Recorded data
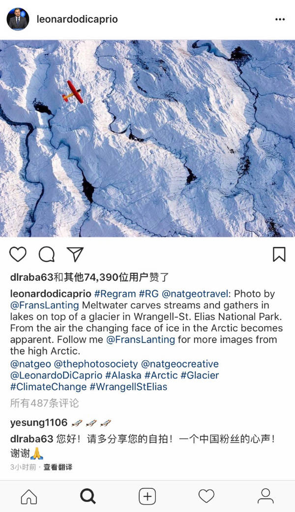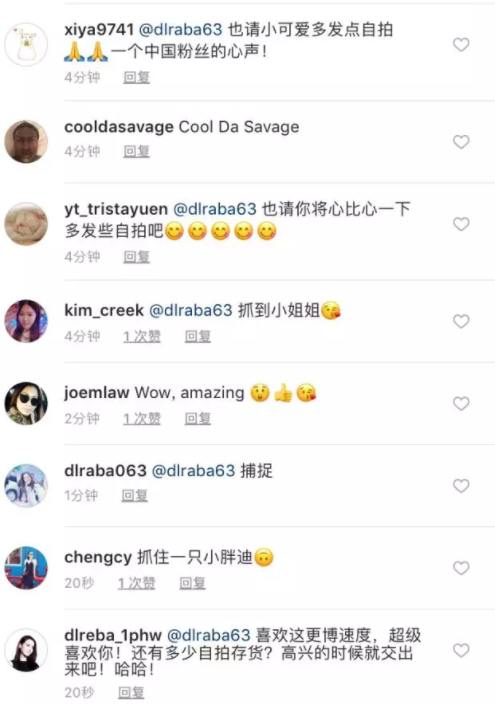 迪丽热巴最近跑去莱奥纳多的ins底下用中文留言……
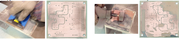 figure 3: Ръчно шлифоване на PCB за премахване на маска за запояване .---
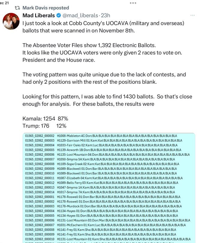 We were made aware of, and consulted on, a 2024 General Election recount in Montana. The unusual results of UOCAVA ballots yielding returns 90% in favor of democrats popped up there too. Election judges completed signed, notarized affidavits. Read the screenshots below.
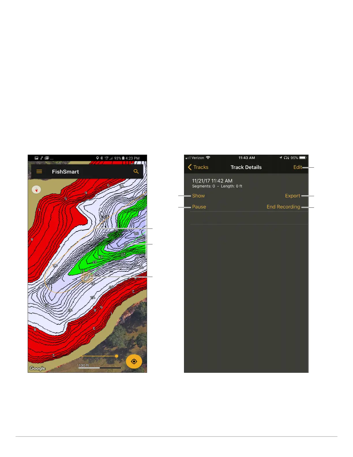 Google Android: Tap the FishSmart main menu. Select Tracks. Press and hold a track until it is highlighted, and tap the Trash
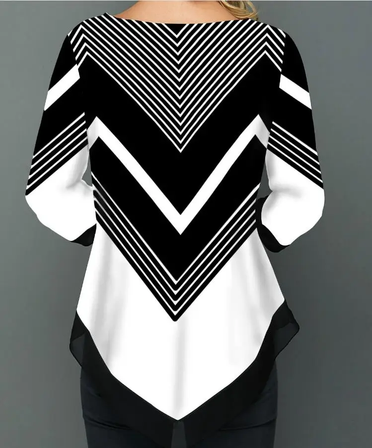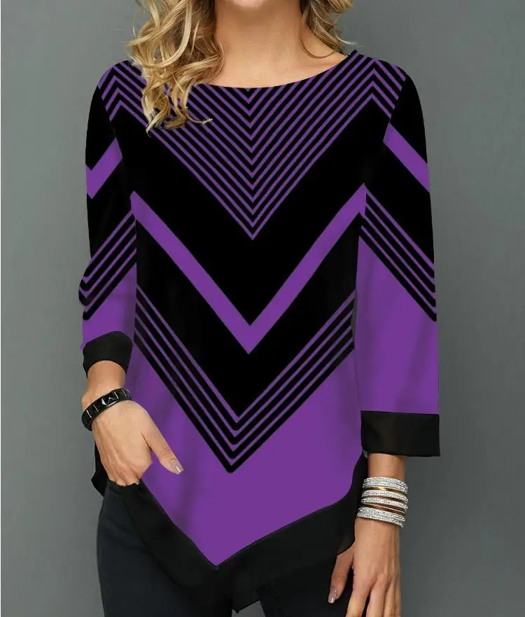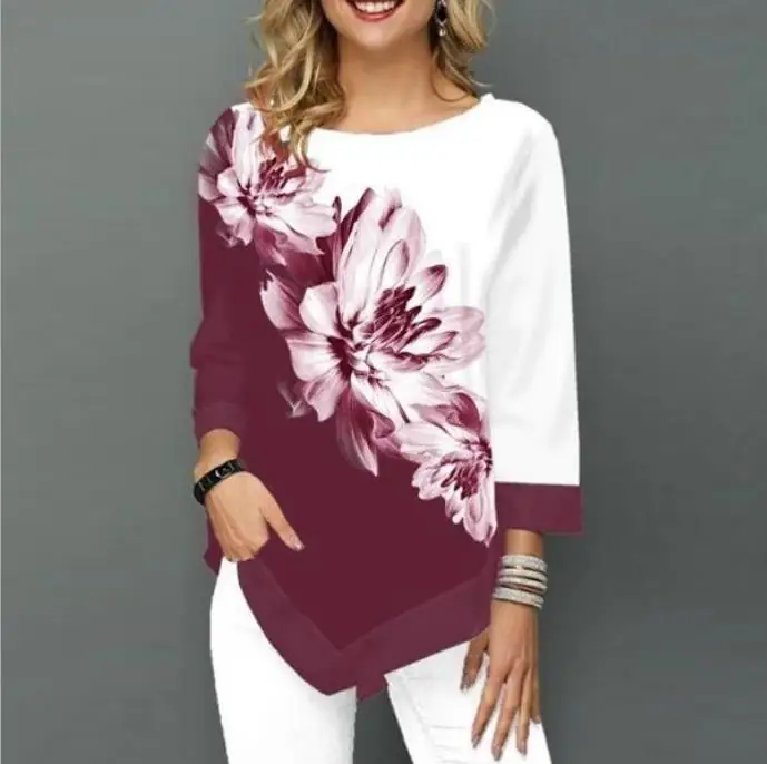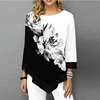 Shirt Blouse Women Spring SummerPrinting O-neck Blouse 3/4 Sleeve Casual Hem Irregularity Female fashion shirt Tops

== Problem to work on ==
Please set down every record exactly as it appears, leaving out the pictures.

== Solution for this exercise ==
 迪丽热巴最近跑去莱奥纳多的ins底下用中文留言……
 figure 3: Ръчно шлифоване на PCB за премахване на маска за запояване .---
 We were made aware of, and consulted on, a 2024 General Election recount in Montana. The unusual results of UOCAVA ballots yielding returns 90% in favor of democrats popped up there too. Election judges completed signed, notarized affidavits. Read the screenshots below.
 Google Android: Tap the FishSmart main menu. Select Tracks. Press and hold a track until it is highlighted, and tap the Trash
 Shirt Blouse Women Spring SummerPrinting O-neck Blouse 3/4 Sleeve Casual Hem Irregularity Female fashion shirt Tops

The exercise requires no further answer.